Por: Gabriela Negrón Valdés
Una virada de ojos. Una virada de ojos acompañada por un encogimiento de hombros es lo que provoca la palabra influencer en la mayoría de la juventud puertorriqueña, ya sea porque les aburre el contenido, incomoda la burbuja en la que viven o el hecho de que tengan tanto alcance. No obstante, las redes sociales cada vez son más monetizadas y su presencia cada vez más inminente. Seguiremos consumiendo estos influencers inconscientemente hasta encontrarnos en nuestras camas a la 1:00 a. m. preguntándonos cómo le habrá ido a Miley The Corgi en el veterinario ya que está sufriendo de parásitos.
Cuestionar la existencia de estas figuras digitales no tiene que ver con preguntarnos por qué les siguen pagando ni por qué siguen existiendo, pues se espera que el influencer marketing tenga un valor de $15 mil millones para el 2022. Más bien, es cuestionarnos por qué algunos de estos personajes se sienten como una cascarita de popcorn entre los dientes.
Definimos un influencer como un individuo que, a través de su alcance y contenido, es capaz de influir en la mentalidad, percepciones, deseos o acciones de un grupo de personas. Su propósito es ser personas confiables y que compartan opiniones genuinas. No obstante, ser genuino se convierte en tarea difícil cuando te conviertes en marca y olvidas ser persona primero.

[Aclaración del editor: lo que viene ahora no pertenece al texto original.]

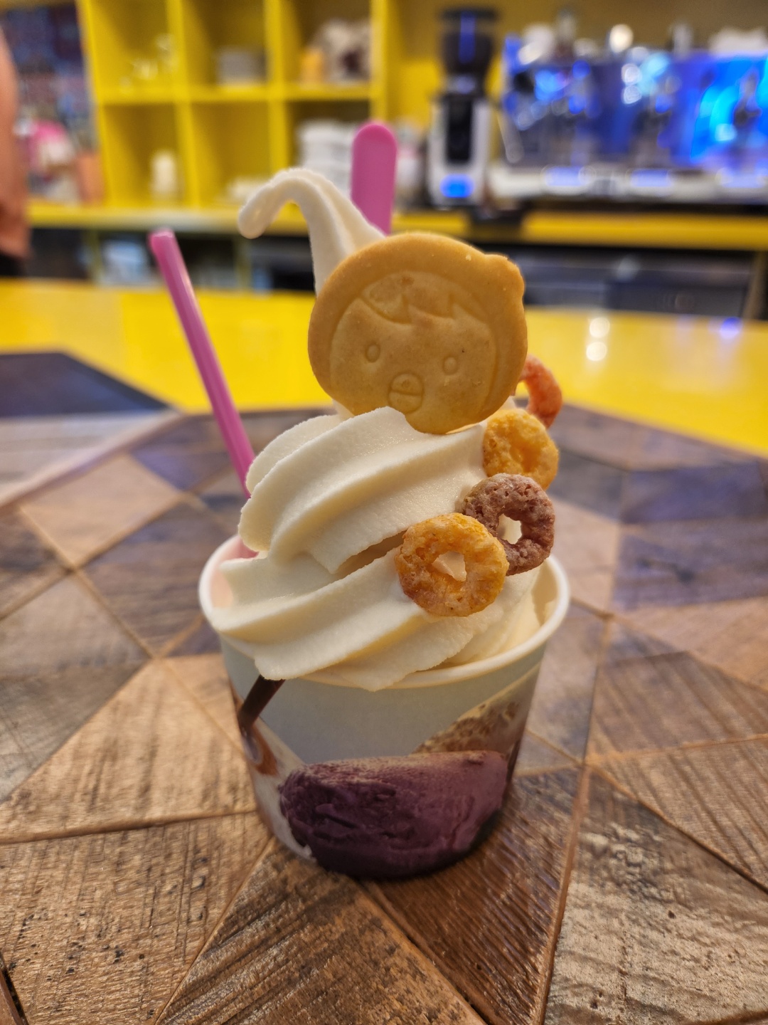 아가가 좋아하는 뽀요요 과자가 꽂혀 있는 귀여운 아이스크림 ㅎㅎㅎㅎ 아가는 달달한 아이스크림이 맛있는지 홱! 하고 가져가선 혼자만 먹겠다며 뒤로 숨깁니다.

Viene al caso Barbara «Barbie» Brignoni. Su podcast se convirtió en una mina “memética” la semana pasada, y pasó a ser eje de crítica sobre las implicaciones de ser influencer en la isla.
Luego de que se mofaran de su spanglish y su actitud privilegiada, comenzó a surgir un cuestionamiento sobre qué significaba ser influencer en Puerto Rico. La realidad es que, aunque provean contenido visualmente atractivo, en gran parte es vacío.
A tu audiencia no le importan tus selfies, ni tu comida, ni “Miley The Corgi” (bueno, tal vez el corgi un poco). En un tiempo en que los consumidores se vuelven más exigentes con el contenido que consumen, especialmente la generación Z, es necesario que los llamados influencers ofrezcan nuevos aspectos a su contenido. ¿Tu blog es de moda? Genial, hablemos de cómo la sobreproducción de ropa afecta el cambio climático. ¿Tu página es de comida? Perfecto, hablemos de la hambruna que pasan miles en el país. ¿Tu contenido es de lifestyle? Súper, hablemos de quienes viven a $7.25 la hora.
No estamos pidiendo que sean abogados de justicia social o que derrumben el patriarcado con un story (no es mala idea, pero eso es otra conversación). El asunto va a que no se trata de ser influencer, sino de cómo integrar tu plataforma para ser influyente.
Nadie le está quitando mérito de producir contenido, pues no es trabajo fácil, te lo digo yo que redacto esta columna para que al fin y al cabo me digas que no te gustó (o que te gustó mucho, mil gracias). El problema es que nos molesta la cascarita de popcorn entre los dientes, es escuchar estos personajes quejarse sin reconocer su privilegio, sin reconocer la falta de diversidad, y sin reconocer que se puede hacer más porque, aunque tu content pueda ser good, no es good enough.
Las expresiones vertidas en este escrito no necesariamente representan el sentir de Pulso Estudiantil.